Gemma’s underlying architecture allows it to be trained on new datasets specific to a particular task. Through further fine-tuning, these metrics can be improved.
Gemma 2B can successfully generate meaningful dialogue summaries close to the original summary. In terms of architecture, Gemma uses Multi-head Attention which allows the model to focus on specific parts of the input sequence that are most relevant to the current task. Gemma utilizes rotary positional embeddings in each layer. This helps the model understand the order of words within a sequence. During training, Gemma processes information in chunks of 8192 tokens, which gives it a decent amount of context to understand the intricacies of language. Because of these reasons, Gemma 2B can create meaningful summaries of dialogues.
While Gemma’s accessibility is a significant advantage, it comes with inherent trade-offs. Compared to its larger, cloud-based counterparts, Gemma’s performance is inevitably limited by the processing power of a single GPU.
Gemma models like 2B and 7B are designed to address specific computational limitations. While they offer advantages in terms of efficiency and accessibility, they may not match the power of larger AI models like OpenAI’s ChatGPT-4 or Google’s Gemini Ultra and Pro chatbots.
It may only excel in some use cases, as it is optimized for specific applications rather than being a one-size-fits-all solution.

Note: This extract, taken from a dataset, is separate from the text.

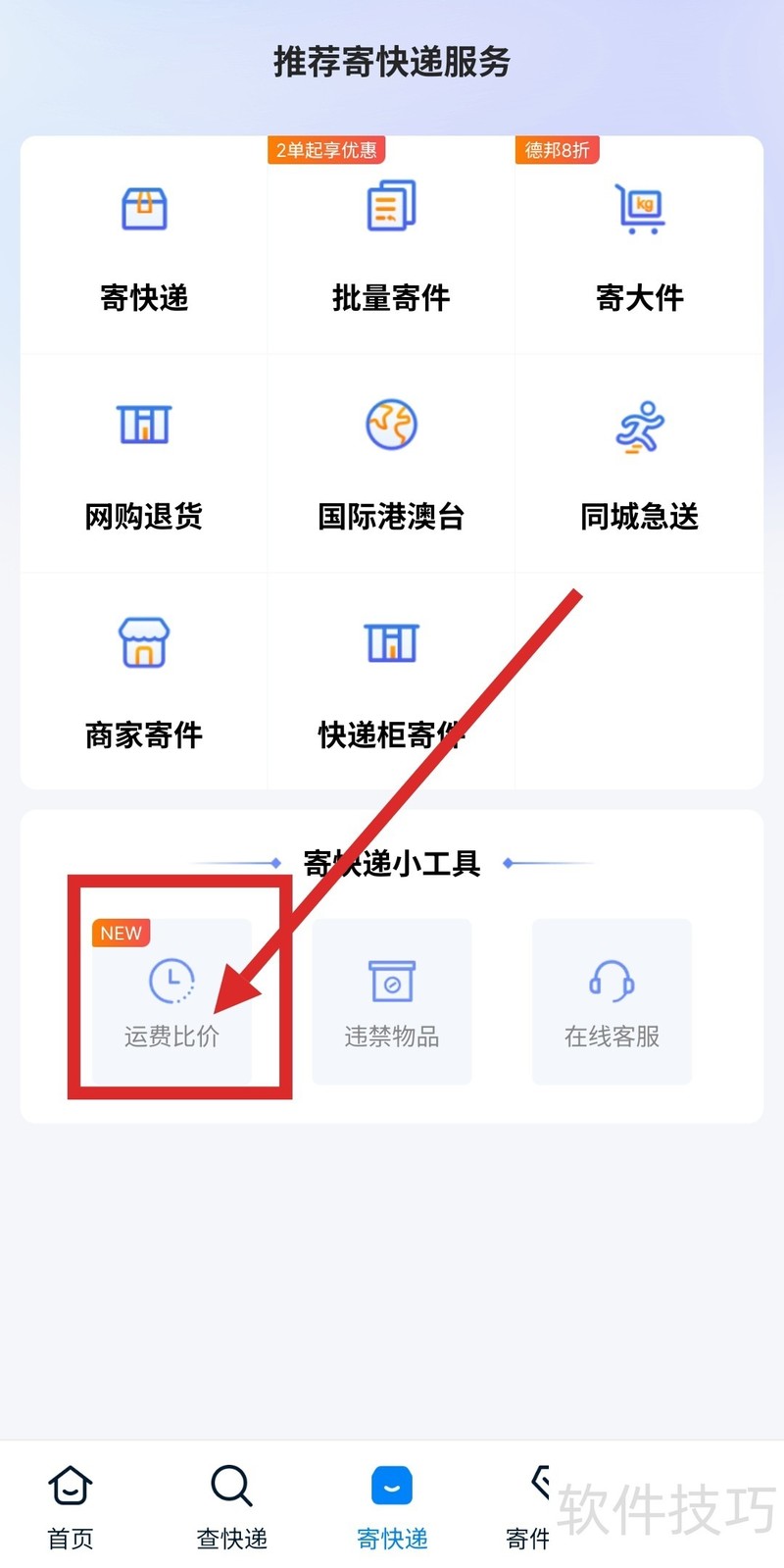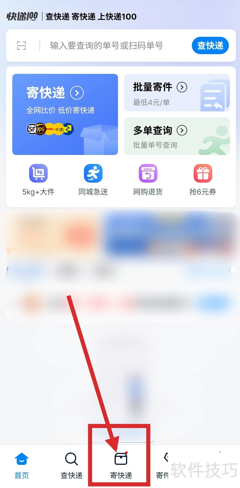 1、 打开快递100,点击首页下方“寄快递”,

Gemma utilizes a decoder transformer architecture, limiting its functionality to text-to-text large language models. This means it may not be suitable for tasks involving images or videos that require encoder-decoder interactions like Google Gemini’s multimodal capabilities.
Gemma models, while not perfect at dialogue summarization, offer promising potential. With further fine-tuning and optimization, they can be tailored to excel in this task. Their architecture, featuring Multi-head Attention and rotary positional embeddings, provides a strong foundation for creating meaningful summaries.